Ice Cube

CHAPTER 23

If you haven’t guessed it by now, one of the main perks of working at the South Pole, even as a dishwasher, is the opportunity to tour the many ground breaking scientific experiments taking place there- such as MAPO, the Greenhouse and SPT, which we have reported about previously.  We had tried to take advantage of this situation as much as possible from the day we arrived, but the season slipped by quickly and before we knew it, our departure date was looming just a few weeks out.  Realizing this, we decided to kick our sightseeing into high gear, and made plans to try and visit a new experiment every few days so that we could see them all before we left.

On this particular day we headed out to one of the craziest experiments of all- IceCube.  Our scientist friend Carlos, who would be wintering over at the pole to monitor the IceCube project, kindly offered to give us a tour.  I was doubly excited because he suggested we ride out to the lab on his trusty snowmobile, Mad Max (I haven’t ever ridden a snow mobile and thought the South Pole would be a fitting place for a first time). Unfortunately, Mad Max wasn’t being so trusty that day, and after a lot of fruitless pulling on the engine cord, we gave up and resigned ourselves to another long cold walk out to the Dark Sector.

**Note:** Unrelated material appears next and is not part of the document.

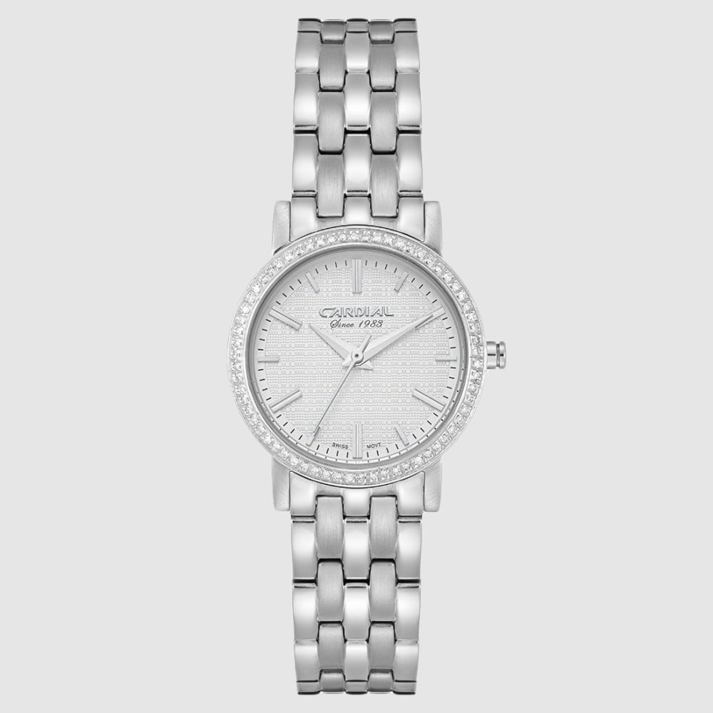 ساعة كارديال المرصعة بالالماس تتوزع الألماسات على الساعة بشكل متناغم ودقيق على الإطار،مما يخلق تأثيرًا مبهرًا ويجعل الساعة تتلألأ بأناقة لافتة.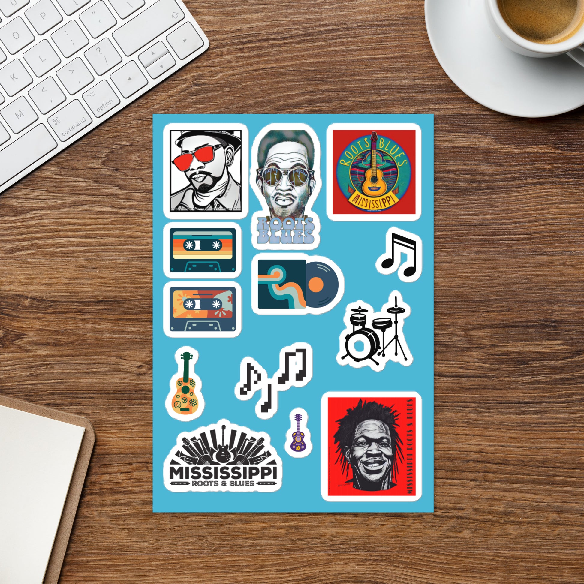 Give your belongings a musical makeover with these one-of-a-kind blues stickers! Whether you're accessorizing your favorite notebook or adding some personality to your phone case, these stickers are the perfect way to show the world your love for blues music. #MississippiRootsAndBlues #MusicalMakeover

The IceCube lab looks pretty much similar to the other science buildings on station- a big blue boxy building elevated off the ground that would look just as natural if it were on the moon.  Ice cube, though, has a distinct difference from the other buildings: two giant silver towers flank the building on either side, giving it a satisfyingly symmetric appearance.  When we finally got inside and out of our umpteen layers of cold weather gear, I asked Carlos about the towers.  He was more than happy to enlighten us to the function of the towers and the whole experiment:

The idea behind IceCube is to observe a notoriously elusive sub-atomic particle: the neutrino.  Neutrinos aren’t elusive because they are rare, indeed there are probably several billion zipping unnoticed through your body as you read this.  That, in point of fact, is why they are so elusive: they don’t interact with normal matter most of the time, making them near impossible to detect, let alone observe.  Once in a while though, a wayward neutrino will collide with a normal particle, say a proton or neutron, and during this violent collision a very small amount of light, quite literally the smallest you can get- 1 photon- will be given off.  Now that we can detect.  Yes, one photon doesn’t sound like much, you might miss it if you blink, but here is where an economy of scale comes into play.  Even though neutrino collisions statistically never occur, since there are billions upon billions upon billions of them zipping through the entire earth every second, there are actually quite a few collisions taking place, though most of these occur deep in the earth, far from our ability to observe the single photon omitted in the collision. And here is when I tell you another amazing aspect of the South Pole…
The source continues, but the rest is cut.